I am training an LSTM to forecast the next value of a timeseries. Let's say I have training data with the given shape (2345, 95) and a total of 15 files with this data, this means that I have 2345 window with 50% overlap between them (the timeseries was divided into windows). Each window has 95 timesteps. If I use the following model:
input1 = Input(shape=(95, 1))
lstm1 = LSTM(units=100, return_sequences=False,
activation="tanh")(input1)
outputs = Dense(1, activation="sigmoid")(lstm1)
model = Model(inputs=input1, outputs=outputs)
model.compile(loss=keras.losses.BinaryCrossentropy(),
optimizer=tf.keras.optimizers.Adam(learning_rate=0.01))
I am feeding this data using a generator where it passes a whole file each time, therefore one epoch will have 15 steps. Now my question is, in a given epoch, for a given step, does the LSTM remember the previous window that it saw or is the memory of the LSTM reset after seeing each window? If it remembers the previous windows, then is the memory reset only at the end of an epoch?
I have seen similar questions like this TensorFlow: Remember LSTM state for next batch (stateful LSTM) or https://datascience.stackexchange.com/questions/27628/sliding-window-leads-to-overfitting-in-lstm but I either did not quite understand the explanation or I was unsure if what I wanted was explained. I'm looking for more of a technical explanation as to where in the LSTM architecture is the whole memory/hidden state reset.
EDIT:
So from my understanding there are two concepts we can call "memory"
here. The weights that are updated through BPTT and the hidden state
of the LSTM cell. For a given window of timesteps the LSTM can
remember what the previous timestep was, this is what the hidden
state is for I think.

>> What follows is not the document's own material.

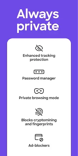 Firefox gives you greater privacy protection while you’re on the web. By default, Firefox blocks trackers and scripts such as social media trackers, cross-site cookie trackers, crypto-miners and fingerprinters. Also, you can easily choose to search in private browsing mode. And when you close private browsing mode, your browsing history and any cookies are automatically erased from your device.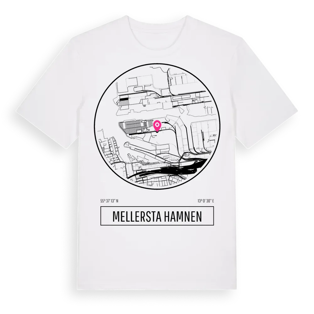 Mellersta Hamnen t-shirt är inspirerad av Mellersta Hamnen i Skåne län, Sverige. Tröjan är designad för dig som har en speciell koppling till platsen – oavsett om du bor här, har rötterna här eller bara älskar Mellersta Hamnen.

Now the weight update does not directly
reflect memory if I'm understanding this correctly.
The size of the hidden state, in other words how much the LSTM
remembers is determined by the batch size, which in this case is one
whole file, but other question/answers
(https://datascience.stackexchange.com/questions/27628/sliding-window-leads-to-overfitting-in-lstm and https://stackoverflow.com/a/50235563/13469674) state that if we
have to windows for instance: [1,2,3] and [4,5,6] the LSTM does not
know that 4 comes after 3 because they are in different windows,
even though they belong to the same batch. So I'm still unsure how
exactly memory is maintained in the LSTM
It makes some sense that the hidden state is reset between windows when we look at the LSTM cell diagram. But then the weights are only updated after each step, so where does the hidden state come into play?

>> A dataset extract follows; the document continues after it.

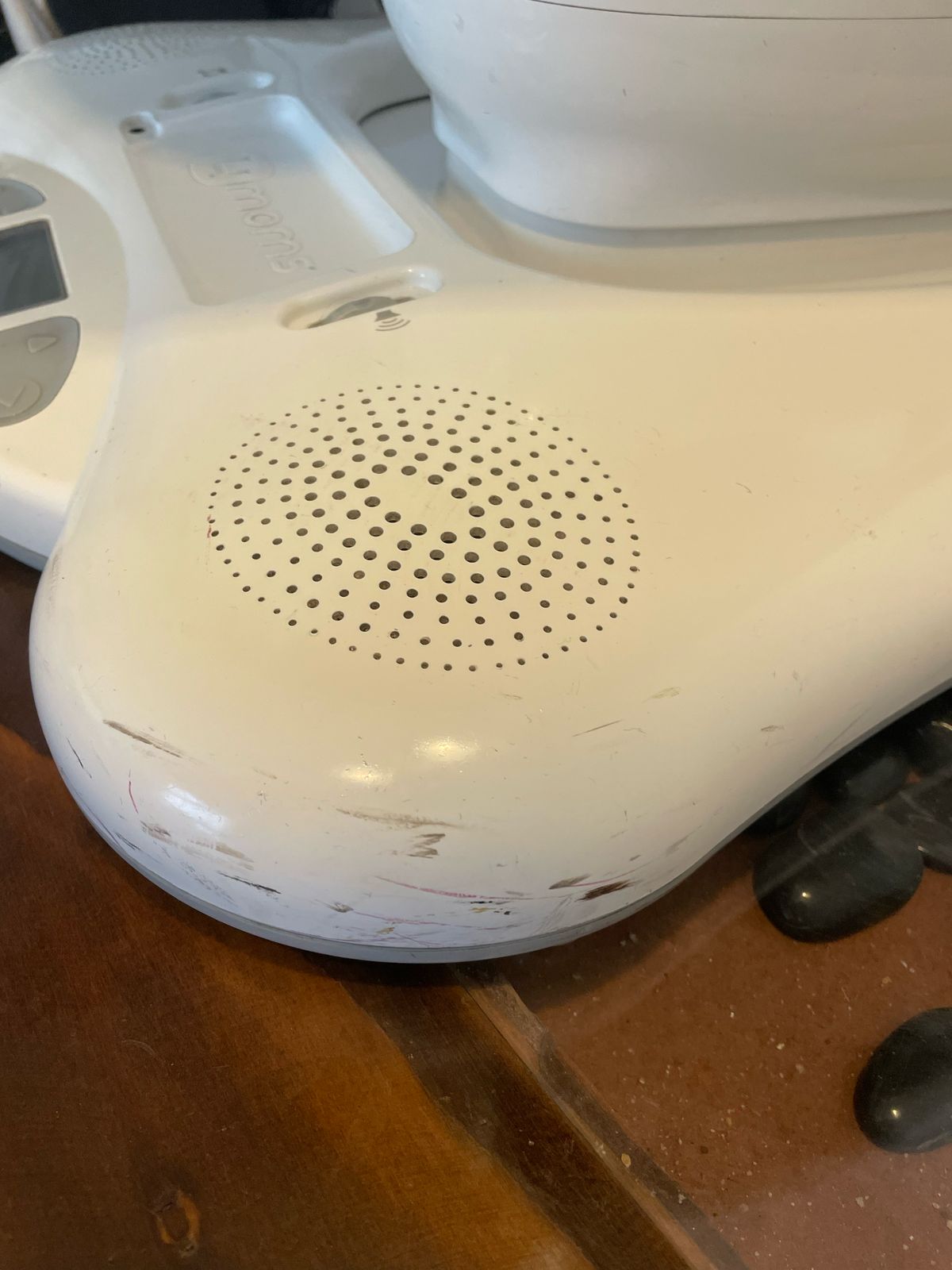 Detalle rayitas en la base por movimiento de mueble, y pequeña mancha en la funda que se aprecia en la fotografía

What you are describing is called "Back Propagation Through Time", you can google that for tutorials that describe the process.

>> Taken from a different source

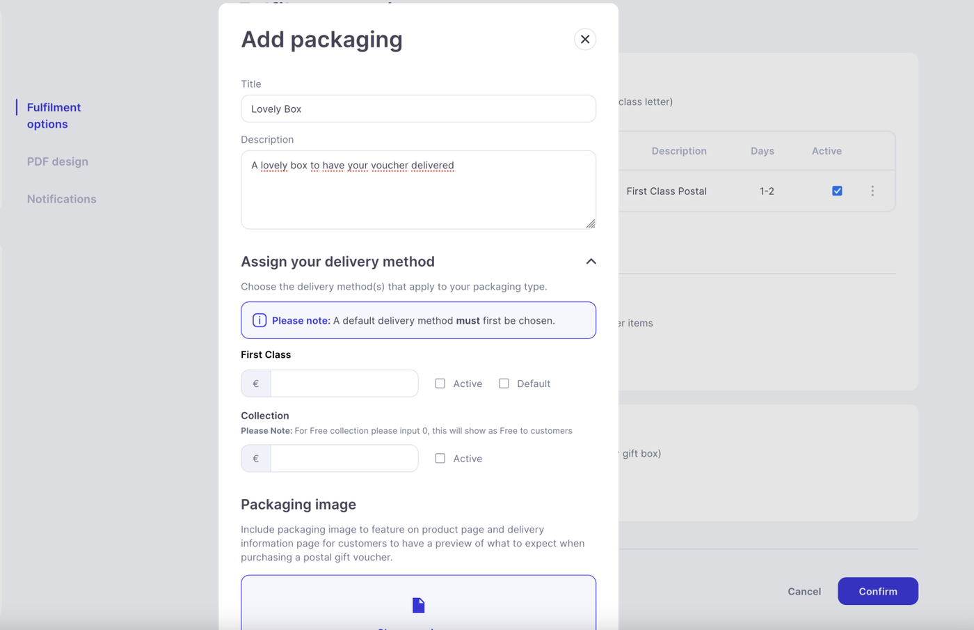 For postal fulfilment, the first thing you will need to set is delivery methods, i.e. first class post, this refers to the method in which the vouchers will arrive to the customer.

Your concern is justified in one respect and unjustified in another respect.
The LSTM is capable of learning across multiple training iterations (e.g. multiple 15 step intervals). This is because the LSTM state is being passed forward from one iteration (e.g. multiple 15 step intervals) to the next iteration. This is feeding information forward across multiple training iterations.
Your concern is justified in that the model's weights are only updated with respect to the 15 steps (plus any batch size you have). As long as 15 steps is long enough for the model to catch valuable patterns, it will generally learn a good set of weights that generalize well beyond 15 steps. A good example of this is the Shakespeare character recognition model described in Karpathy's, "The unreasonable effectiveness of RNNs".
In summary, the model is learning to create a good hidden state for the next step averaged over sets of 15 steps as you have defined. It is common that an LSTM will produce a good generalized solution by looking at data in these limited segments. Akin to batch training, but sequentially over time.
I might note that 100 is a more typical upper limit for the number of steps in an LSTM. At ~100 steps you start to see a vanishing gradient problem in which the earlier steps contribute nearly nothing to the gradient.
Note that it is important to ensure you are passing the LSTM state forward from training step to training step over the course of an episode (any contiguous sequence). If this step was missed the model would certainly suffer.
Related
I'm trying to use LSTM to predict information on timestep sequences.
My data looks that way: I have few different samples of relatively long sequences (>100000 timesteps) and I'm trying to solve a N-class classification problem where each sample is labeled as different ID. Now I'm trying to understand how to properly prepare my data so the LSTM will train on each sample individually.
In the most basic case, I just feed each sample completely to the network:
model = models.Sequential()
model.add(layers.Embedding(FEATURES_NUMBER, 30))
model.add(layers.LSTM(32, return_sequences=True))
model.compile(optimizer="adam",
loss='categorical_crossentropy', metrics=['acc'])
history = model.fit(train_data,
train_labels,
epochs=10,
batch_size=128,
validation_data=(validation_data,validation_labels)
)
Where train_data is of shape: (4, 100000, 1).
But I'm being told by many blog posts around (like here) that training LSTM on very long sequences might harm the training. So, I don't understand how to properly split the data in correspondence with the LSTM internal state.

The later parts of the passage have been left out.